WORK TASK » Everything from the line with "摏鸡脚是地道的傣家风味,也是" to the line with "This one-of-a-kind Irish" in the listing below, both lines included, needs to be copied exactly, apart from the pictures.

EXTRACTED ENTRIES START

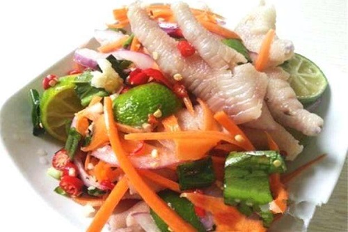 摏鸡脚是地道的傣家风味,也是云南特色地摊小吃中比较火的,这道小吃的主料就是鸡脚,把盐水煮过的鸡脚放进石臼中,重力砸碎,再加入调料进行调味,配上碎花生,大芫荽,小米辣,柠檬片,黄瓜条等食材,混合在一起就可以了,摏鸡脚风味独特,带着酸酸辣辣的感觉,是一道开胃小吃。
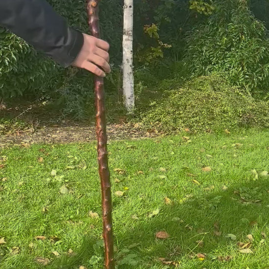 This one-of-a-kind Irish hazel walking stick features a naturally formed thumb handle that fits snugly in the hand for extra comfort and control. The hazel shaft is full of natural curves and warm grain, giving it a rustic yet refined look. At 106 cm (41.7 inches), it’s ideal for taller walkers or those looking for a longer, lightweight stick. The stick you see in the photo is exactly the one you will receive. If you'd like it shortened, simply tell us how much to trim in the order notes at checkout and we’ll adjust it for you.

EXTRACTED ENTRIES END
EXTRACTED ENTRIES START

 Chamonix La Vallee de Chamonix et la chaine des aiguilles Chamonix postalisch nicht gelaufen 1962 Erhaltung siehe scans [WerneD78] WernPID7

EXTRACTED ENTRIES END
EXTRACTED ENTRIES START

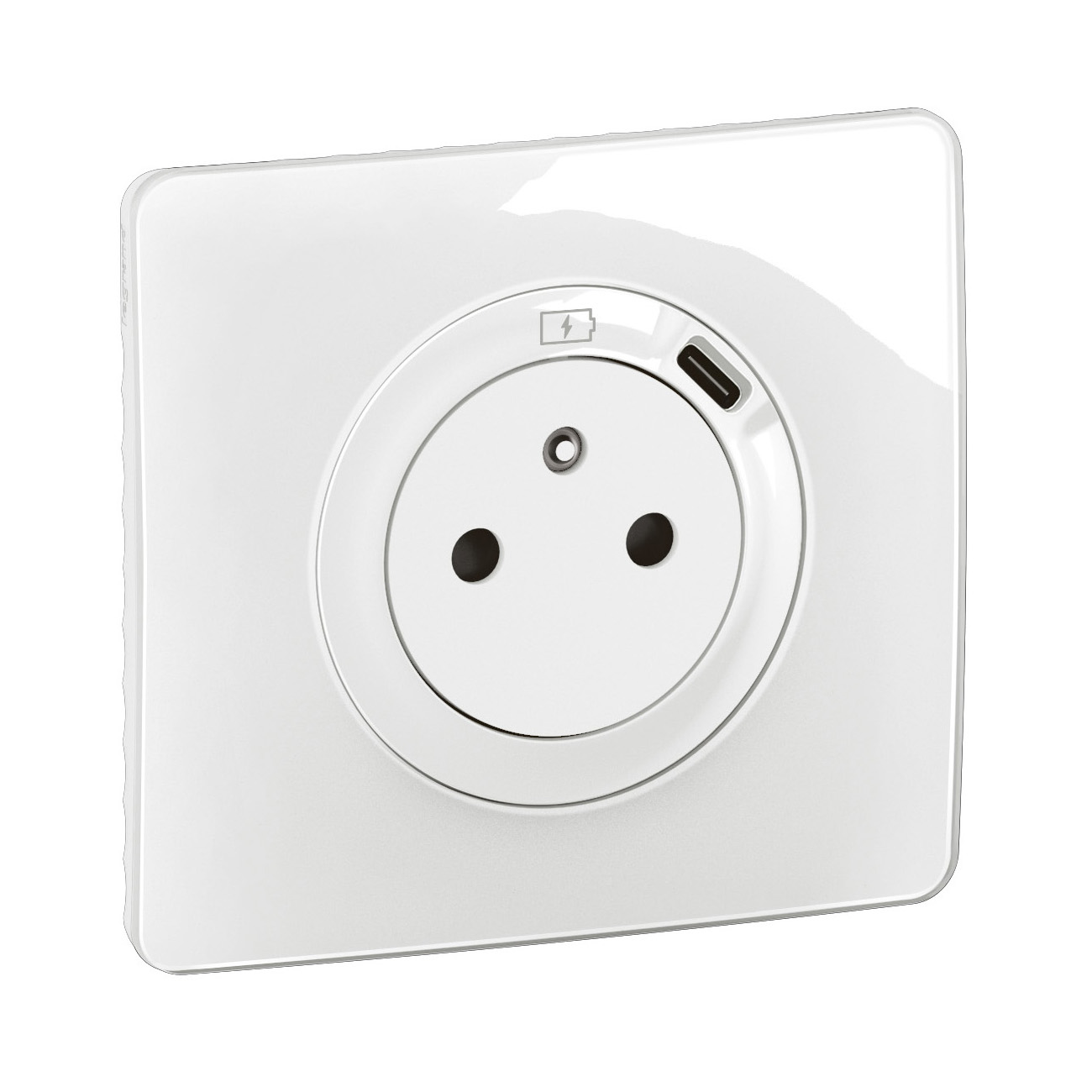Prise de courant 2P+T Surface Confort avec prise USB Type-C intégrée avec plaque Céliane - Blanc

EXTRACTED ENTRIES END

RESULT »
 摏鸡脚是地道的傣家风味,也是云南特色地摊小吃中比较火的,这道小吃的主料就是鸡脚,把盐水煮过的鸡脚放进石臼中,重力砸碎,再加入调料进行调味,配上碎花生,大芫荽,小米辣,柠檬片,黄瓜条等食材,混合在一起就可以了,摏鸡脚风味独特,带着酸酸辣辣的感觉,是一道开胃小吃。
 This one-of-a-kind Irish hazel walking stick features a naturally formed thumb handle that fits snugly in the hand for extra comfort and control. The hazel shaft is full of natural curves and warm grain, giving it a rustic yet refined look. At 106 cm (41.7 inches), it’s ideal for taller walkers or those looking for a longer, lightweight stick. The stick you see in the photo is exactly the one you will receive. If you'd like it shortened, simply tell us how much to trim in the order notes at checkout and we’ll adjust it for you.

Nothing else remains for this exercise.